Among those who were ART naïve at TB diagnosis, we compared ART initiation across TB outcomes. Anticipating that LTFU during the eight weeks after TB diagnosis might make it difficult to investigate the effect of ART initiation during the first eight weeks, we plotted the cumulative incidence of ART initiation among groups with unfavorable and favorable TB treatment outcome restricted to those that were alive and in care at eight weeks after TB diagnosis, and tested the association using a log-rank test.
R version 3.2.5 (www.r-project.org) was used for all analysis and code is available online (http://biostat.mc.vanderbilt.edu/ArchivedAnalyses).
Ethical Considerations
Local institutional review board or ethics committee approval was obtained from all local study sites as well as Vanderbilt University. Procedures followed were in accordance with the ethical standards of the responsible committee on human experimentation (institutional and national) and with the Helsinki Declaration of 1975, as revised in 2013.
Results
Patient Characteristics
There were 400 children under the age of 16 diagnosed with TB and with a TB CRF entered into REDCap during the study period. Fourteen (3.5%) were excluded; one was still on ATT and 13 had transferred to another facility. Among 386 children included, the median age was 5.7 years (IQR 2.0-9.5) and 47% were female. Median WAZ was -2.69 (IQR -3.82, -1.48; 17% missing data). Median CD4 count among those ≥ 5 years was 144 cells/mm3 (IQR 28-403 cells/mm3; 14% missing data). Median CD4 percentage among those < 5 years was 16% (IQR 8-23%; 34% missing data) (Table 1).
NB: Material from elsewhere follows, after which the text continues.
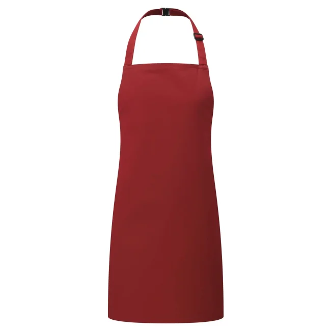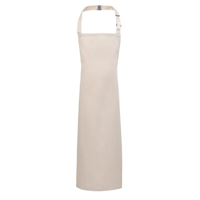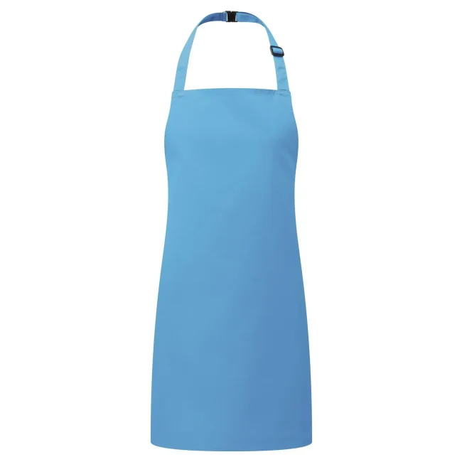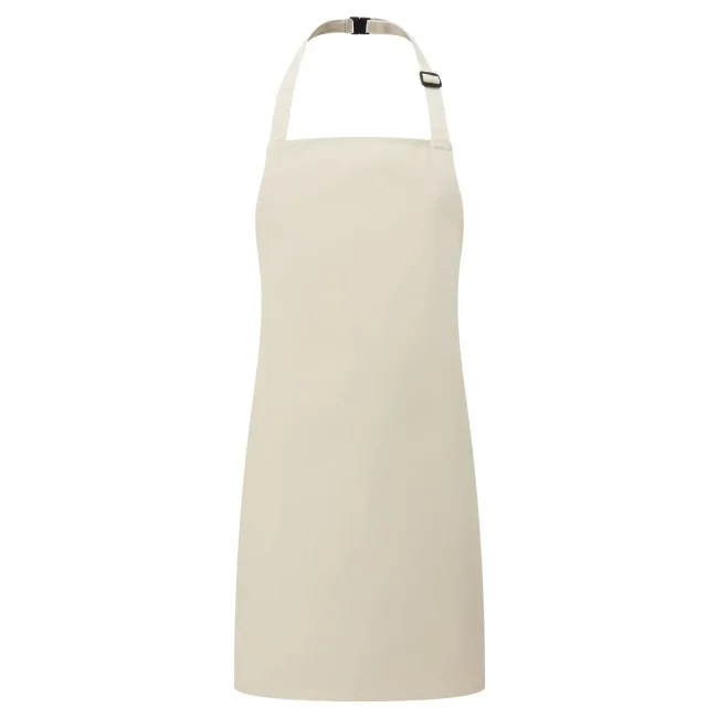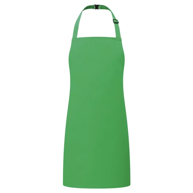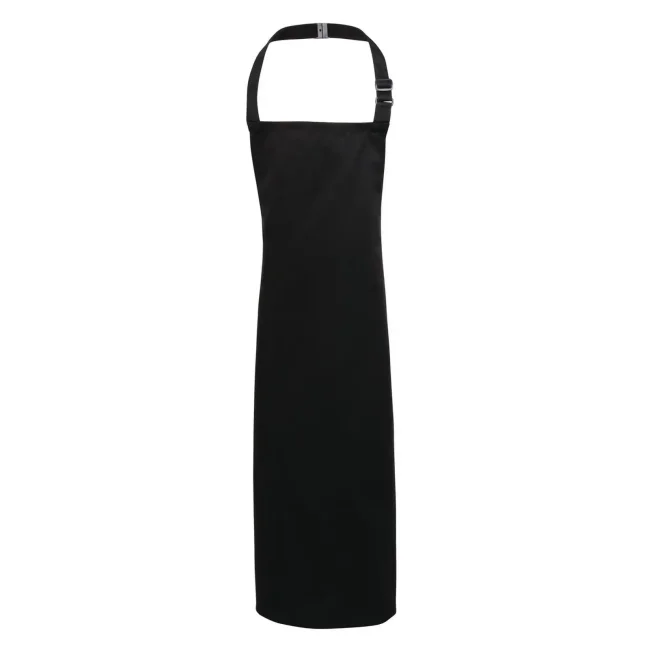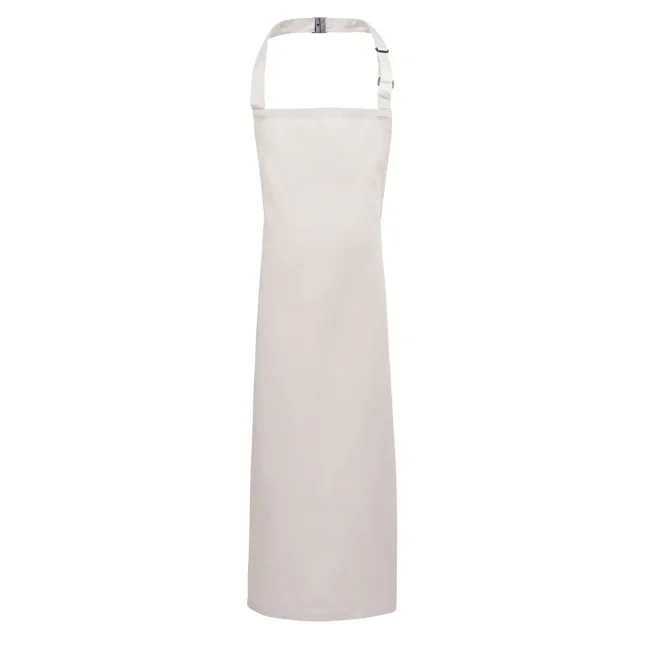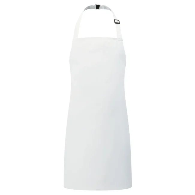 65% poliestere, 35% cotone twill. Grembiule con pettorina senza tasca, laccio collo regolabile con fibia. Lavabile in lavatrice domestica a 60° e 85° in lavatrice industriale.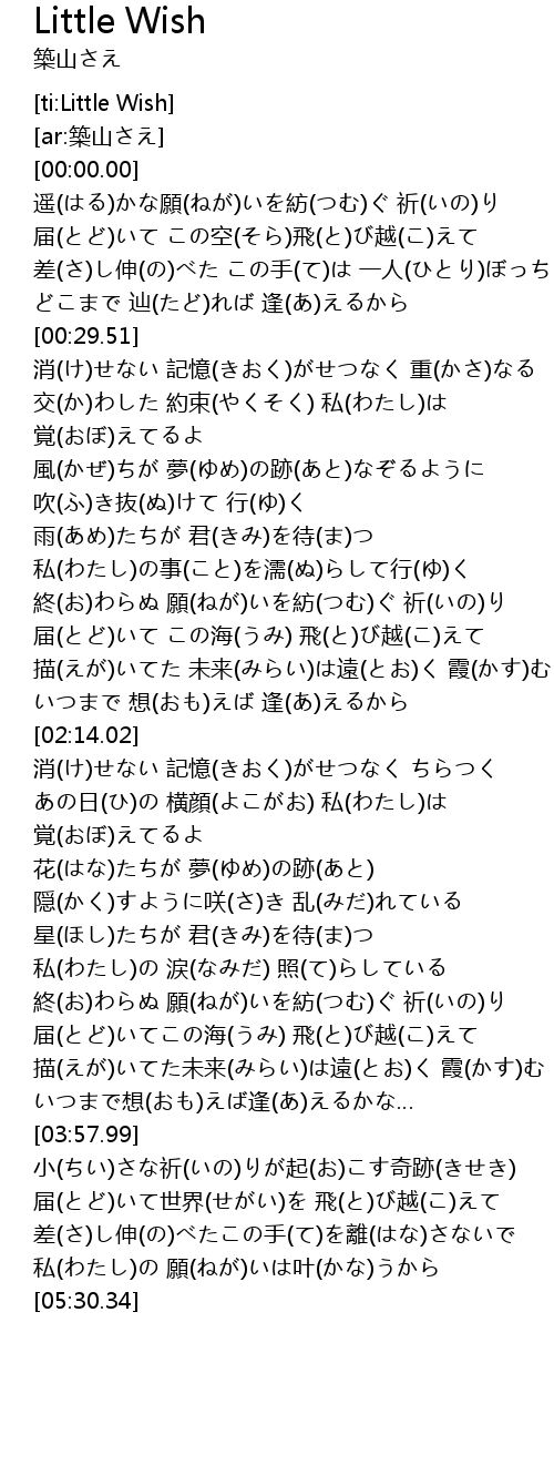 | [05:03.04] | 小(ちい)さな祈(いの)りが起(お)こす奇跡(きせき) |

The children were recruited from 14 ART programs in 11 LMIC (Burundi, Côte d'Ivoire, Ghana, Indonesia, Kenya, République Démocratique du Congo, Rwanda, South Africa, Tanzania, Uganda, and Vietnam), each contributing between one and 91 children (Figure 1).
Table 1.
Characteristics of HIV/TB co-infected children at time of TB diagnosis, stratified by TB treatment outcome, 2012-2014.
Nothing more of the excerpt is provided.